The Discovery of PCR: Amplifying Possibilities in Medicine

How the discovery of PCR paved the way for revolutionary breakthroughs in medical research

Identified in 1869, DNA is essential for creating defining features in different species (1), (2). All living organisms contain DNA—and a surprisingly large amount of it. In fact, if you fully unravelled all the DNA in your body, it would stretch over 37 billion kilometers in length. Putting that in perspective, that would be more than eight times the distance between the Sun and Neptune (3). Given how much DNA we have naturally, DNA replication may seem unnecessary. However, replicating DNA is necessary for producing large amounts of specific DNA sequences for analyzing, testing, and creating medical treatments. The Polymerase Chain Reaction (PCR) is a DNA replication process used to accurately replicate strands, and the technique has been applied across multiple fields of scientific research.

In PCR, there are three steps of replication. The first step is heating DNA to about 95℃ to denature the DNA and split it into two constituent strands. Next, during the annealing step, the temperature is lowered so that primers—the initial nucleic acid sequences in a strand of DNA—can attach to the separated DNA strands and start replicating the sequences of DNA, called nitrogenous base sequences. Finally, there is an extension step, where the rest of the DNA strand is constructed as the primers move in a 5’ to 3’ sequence from the DNA strand’s phosphate group to the hydroxyl group-2 molecular structures in DNA that serve as guides for the primers (4). This process exponentially increases DNA amounts over multiple cycles, making it an effective method to replicate specific structures in the DNA. 

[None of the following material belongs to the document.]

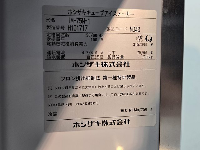 | 貯氷量 | 自然落下時貯氷量:35kg 最大ストック量:50kg |

Before PCR was developed, DNA replication was very inefficient. During the denaturation process of DNA replication, the DNA polymerase enzymes used to execute this process would lose their shape and ability to build the new strand of DNA. As a result, scientists had to add new polymerase to the sequence after every cycle of replication. Thus, the technique required long amounts of time and effort to effectively execute. In 1988, however, Kary Mullis found the Taq enzyme—an enzyme that could serve as DNA polymerase without denaturing upon experiencing heat (5). Later, in 1993, his influential role in discovering Taq contributed to his earning of the Nobel Prize in Chemistry (6).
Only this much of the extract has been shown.